As Shaka’s military experience grew, so did his dissatisfaction with traditional warfare. Soon he was at work on the following strategies that would give the Mthethwa and Zulu an edge:

  1. Tired of throwing and retrieving javelins, Shaka had his blacksmiths create a new short-hafted, broad-bladed stabbing spear. He called his new weapon
ixwa,
after the sucking sound it made when pulled from an enemy’s chest.

  2. He had his warriors shed their sandals so that they could run faster. In the future they would surprise their enemies by sprinting toward them to fight at close range.

  3. He trained his men for close combat with the ixwa and a tough cowhide shield.

  4. He created a new battle formation, composed of four groups of warriors standing shield to shield. In the center was a block of seasoned veterans known as “the head,” who did the bulk of the fighting. Behind them was a block of reserves called “the chest,” who waited for a signal to join the fray. Extending out from “the head” were two curving columns called “the horns,” designed to encircle the enemy.

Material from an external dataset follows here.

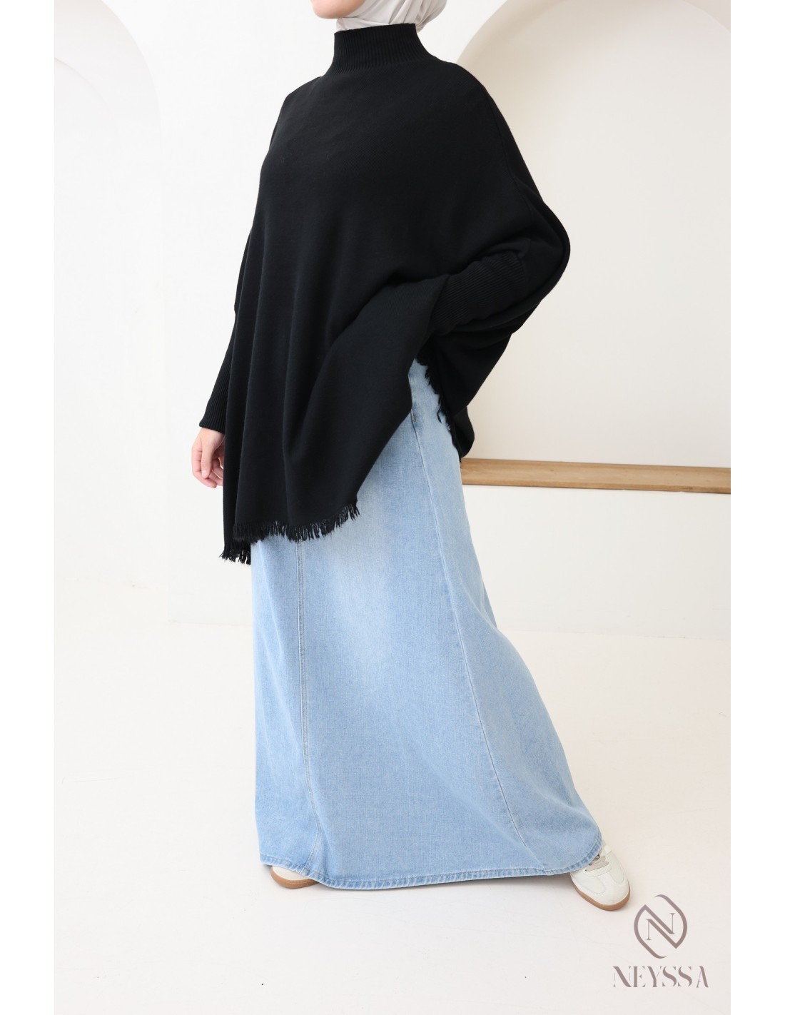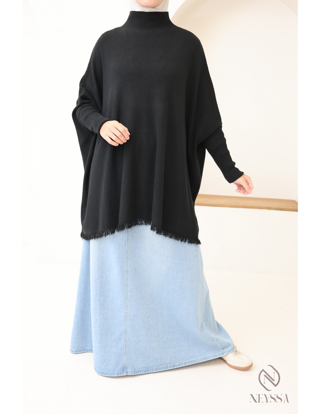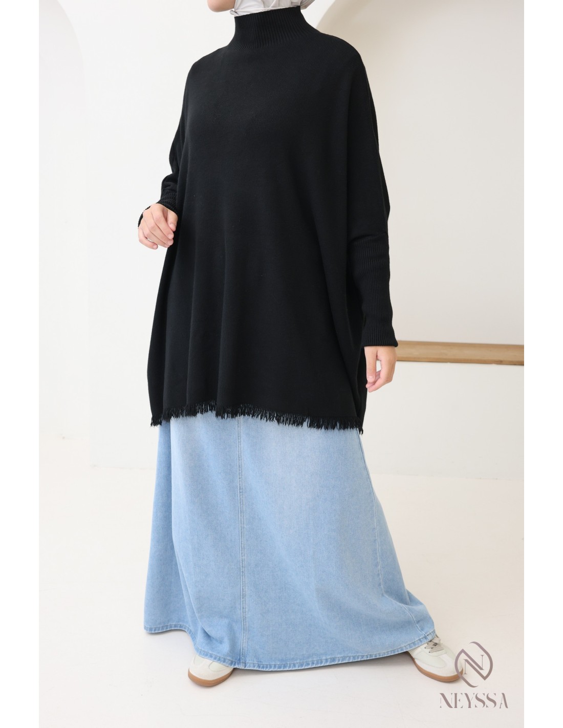 - Fringed details: The fringes at the bottom of the sweater add an original, bohemian touch, bringing movement and an elegant finish to the outfit.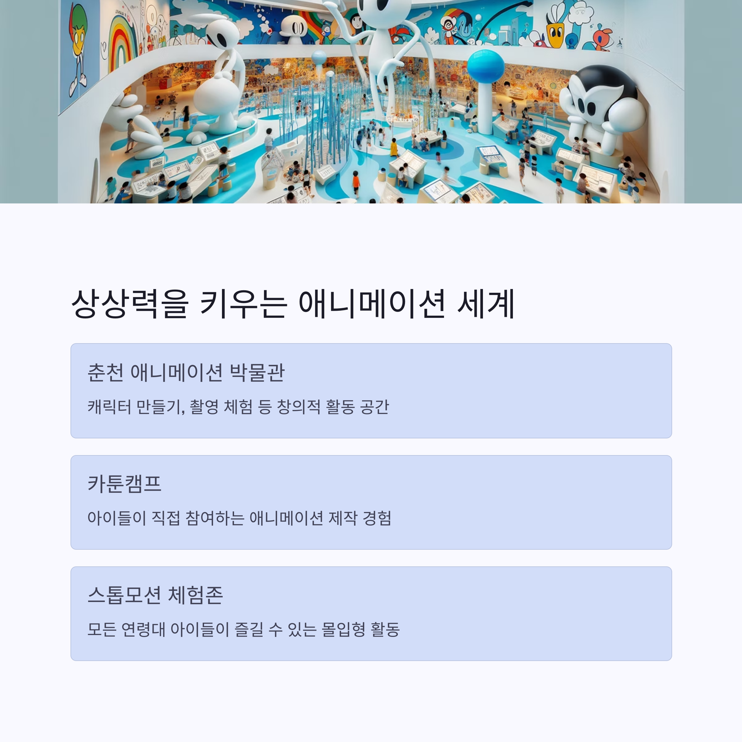 카툰캠프, 스톱모션 체험존 등 아이들이 몰입할 만한 요소가 가득합니다.

  5. He pioneered military formations that minimized the effect of being outnumbered. One was an unbroken circle, used when his warriors were surrounded. The other, called “the millipede,” was a linear formation of men with interlocking shields, used to cross territories where one was likely to be ambushed.

  6. Shaka also modified the amabutho. For years they had been age-based ritual societies, made up of youths from different kraals within the same chiefdom. Shaka, who by now had subjugated a number of formerly autonomous societies, expanded the system by creating regiments into which all warriors of the same age were placed, regardless of the chiefly territories from which they had come. Under Shaka’s direct control, these feared “age regiments” broke down old territorial loyalties and produced warriors beholden only to him. Shaka trained them puritanically, forbidding the youths to marry without his permission.

  7. Traditionally, an enemy who threw down his spear had been spared; this is probably why Zwide had not been killed by Dingiswayo. Shaka’s new policy, called
impi ebomvu,
or “red war,” abolished such chivalry. His regiments finished off the enemy, wounded, pursued, and killed all the retreating warriors they could catch, and slaughtered the enemy women and children who had come to watch.